A urinary exosome assay interrogating small non-coding RNAs accurately identifies and stratifies prostate cancer into low-, intermediate-, or high-risk disease
Laurence Klotz1, Greg Dirienzo2, Winnie Wang2, Martin Tenniswood2.
1Urology, Sunnybrook HSC, University of Toronto, Toronto, ON, Canada; 2miRScientific Inc, Albany, NY, United States
Introduction: The miR Sentinel® Test measures the expression of 442 small non-coding RNAs (sncRNAs) extracted from urinary exosomes to differentiate patients with no molecular evidence of prostate cancer (NMEPCa) from those with molecular evidence of prostate cancer (MEPCa). The test further classifies men with MEPCa into low-, intermediate- or high-risk disease. We compared the results of the miR Sentinel® PCC4 Test to systematic and magnetic resonance imaging (MRI)-guided core needle biopsy in men at risk for prostate cancer undergoing biopsy.
Methods: A total of 763 biopsy-naive men over 45 years of age undergoing systematic and/or targeted biopsy were recruited. sncRNAs were isolated from urinary exosomes and interrogated by RT-qPCR on a custom-designed OpenArray platform.
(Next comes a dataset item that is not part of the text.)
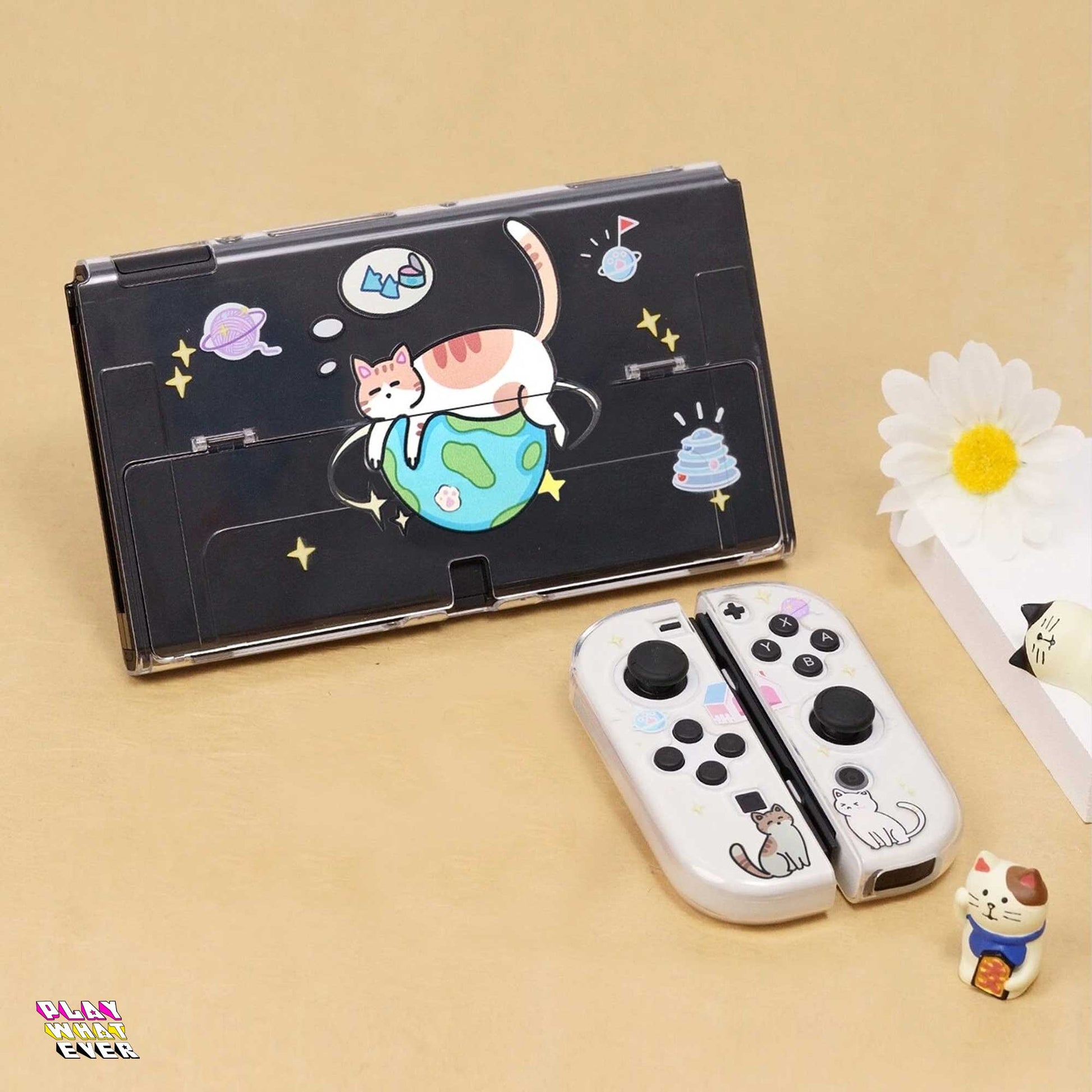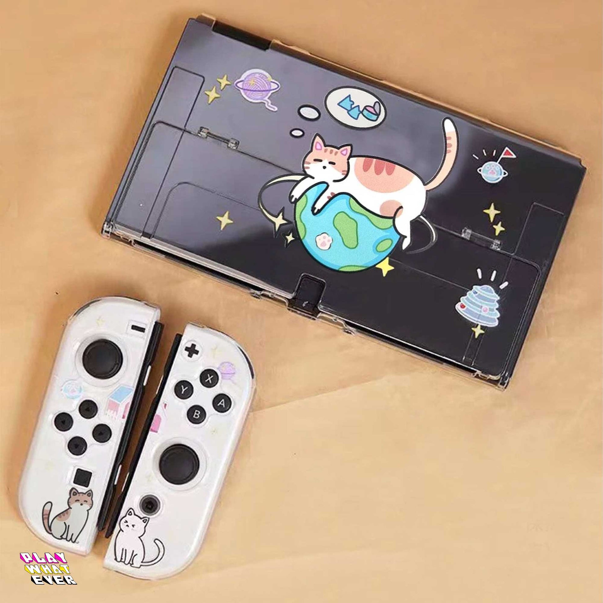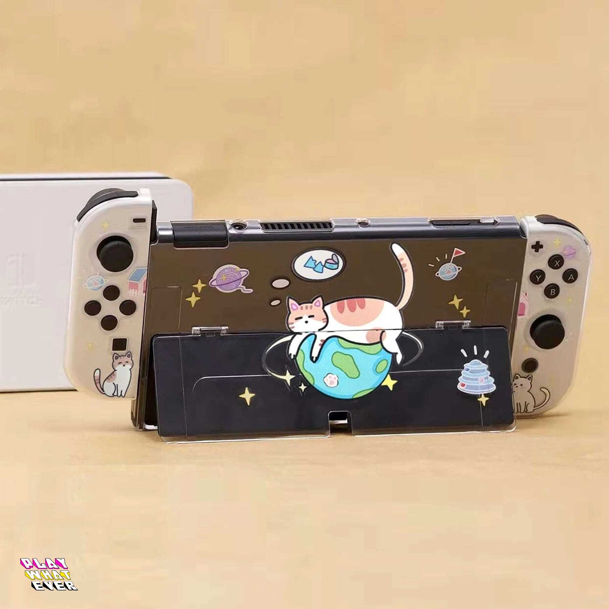 Go cats! Cats rule the planet - if they have enough tuna to live that is. An adorable lightweight Nintendo Switch case with cats and planets.

Results: The molecular classification was compared to the biopsy grade group (Table 1). Sensitivity for NPEPC or grade group (GG) 1 vs. GG 2–5 was (75+18+4+105=203)/221=92.2% and the negative predictive value for absence of GG 2–5 PCa was (221+64+12+123=420)/(238+200=420)=96%. The apparent false-positive rate for GG 2–5 cancer was (34+35+32+22=(123)/(543)=23%. A total of 208 patients had discordant systematic and targeted biopsies; 29 of these had a negative systematic biopsy and a positive targeted biopsy. The molecular test predicted the targeted biopsy outcome in 27/29=93.1% overall, and in 14/15 (93%) of the cases with GG 2–5 cancer. In the 18 patients with positive systematic and negative MRI-targeted biopsies, the test result predicted the positive biopsy in 100%.
Conclusions: The miR Sentinel Test offers an accurate, non-invasive means to accurately identify the presence or absence of prostate cancer and classify risk status to predict pathological grade on biopsy. The high predictive accuracy of the test in patients whose systematic and targeted biopsies were discordant suggests that the 23% discordance between the negative biopsy result and the positive Sentinel Test result was, in most cases, due to false-negative biopsies.